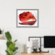 Starrer roter Blatt hinterbeleuchtet mit Sonnenlicht, fotografiert auf reflektierenden weißen Fliesen. Mit dekorativen Rahmen. Erhältlich in verschiedenen Größen mit oder ohne Rahmen. Von Dwight Bennett von Natureworld Art.
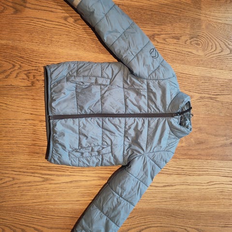 Hel og fin lett boblejakke fra norske Vikafjell selges billig pga plassmangel. Jakken hadde et hull på det ene ermet, som er sydd. Jakken har også noen små prikker, som antas å gå bort i vask (se bilde).
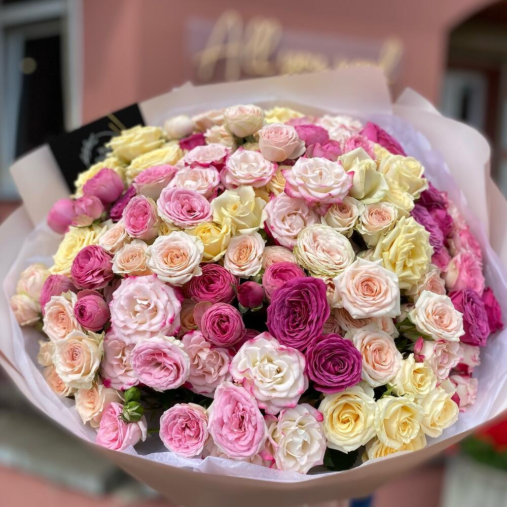 Кустовые розы, Пионовидные розы, Розы, Сухоцвет, Тюльпаны

Exercise:
Would you write out the data exactly, with no pictures in the copy?

Result below:
 Starrer roter Blatt hinterbeleuchtet mit Sonnenlicht, fotografiert auf reflektierenden weißen Fliesen. Mit dekorativen Rahmen. Erhältlich in verschiedenen Größen mit oder ohne Rahmen. Von Dwight Bennett von Natureworld Art.
 Hel og fin lett boblejakke fra norske Vikafjell selges billig pga plassmangel. Jakken hadde et hull på det ene ermet, som er sydd. Jakken har også noen små prikker, som antas å gå bort i vask (se bilde).
 Кустовые розы, Пионовидные розы, Розы, Сухоцвет, Тюльпаны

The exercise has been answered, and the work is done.